Uma de preocupação de Larissa para ajudar as modelos a se sentirem mais à vontade foi ter apenas mulheres no estúdio para a produção dos ensaios – a exceção foi apenas a gravação dos depoimentos, em que não encontrou uma mulher que fizesse o serviço. Outro cuidado foi marcar as entrevistas e sessões de fotos em horários diferentes, para evitar aglomerações durante a pandemia.

(Foto: Larissa Noé/Divulgação)

Um novo olhar sobre os próprios corpos

Questionada sobre a reação das modelos, Larissa conta que o retorno foi extremamente positivo, e dá como exemplo justamente o da mulher que não tinha uma relação aberta com suas características singulares. “A primeira reação dela ao ver as fotos foi de estranhamento por estar sem maquiagem, mas depois desse primeiro momento passou a questionar se a forma como se via não estava distorcida, como ela se mostrava para as pessoas não era uma forma de tentar apagar isso. Ela disse que não estava acostumada a se ver sem filtro (dos aplicativos de fotos) e constatou que era ela tentando se enganar”, observa. “As pessoas que a conhecem fora das redes sociais sabem que ela tem essas características, então tentar apagar isso pelos filtros era uma forma de se enganar. Fiquei muito interessada nessa reação que ela teve.”
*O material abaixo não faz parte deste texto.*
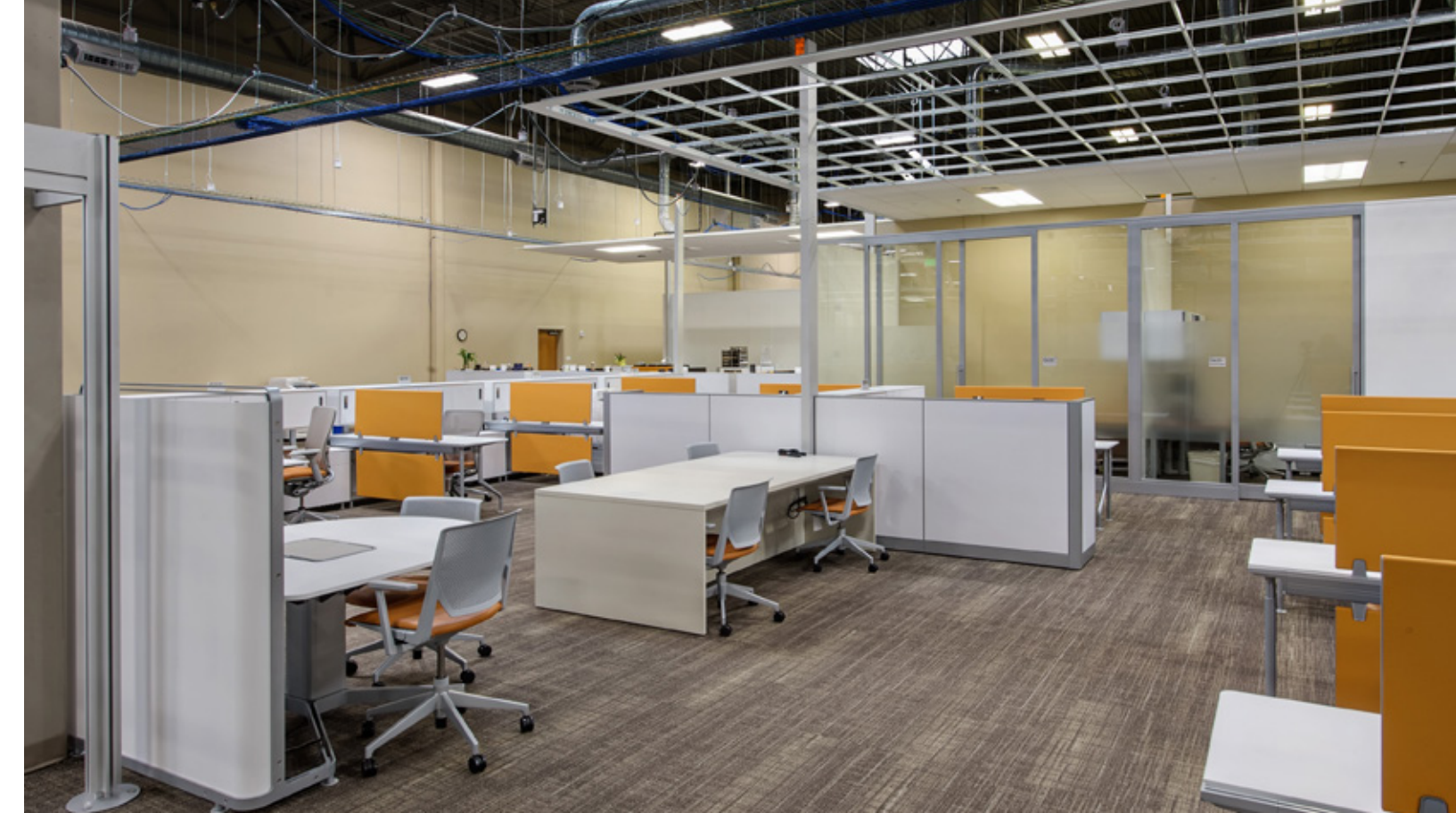
NORTHEAST GEORGIA CORPORATE PLAZA Gainesville, GA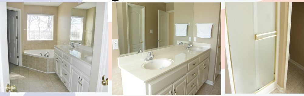
UPPER LEVEL: Photos of other three bedrooms and the hall bath that has double vanity sink.

Na opinião de Larissa, uma das grandes problemáticas em aceitar nossas características é fruto da falta de hábito de olhar os próprios corpos com delicadeza e sensibilidade. “A gente se olha apenas com olhar de julgamento, para achar um defeito, uma característica, e aí quando fazemos uma selfie temos essa necessidade de mudar essa imagem”, argumenta. “Se a gente se olhasse no espelho com curiosidade, como se lesse um livro, cada ‘entrelinha’ desse corpo, acho que seria um exercício de enriquecimento pessoal.”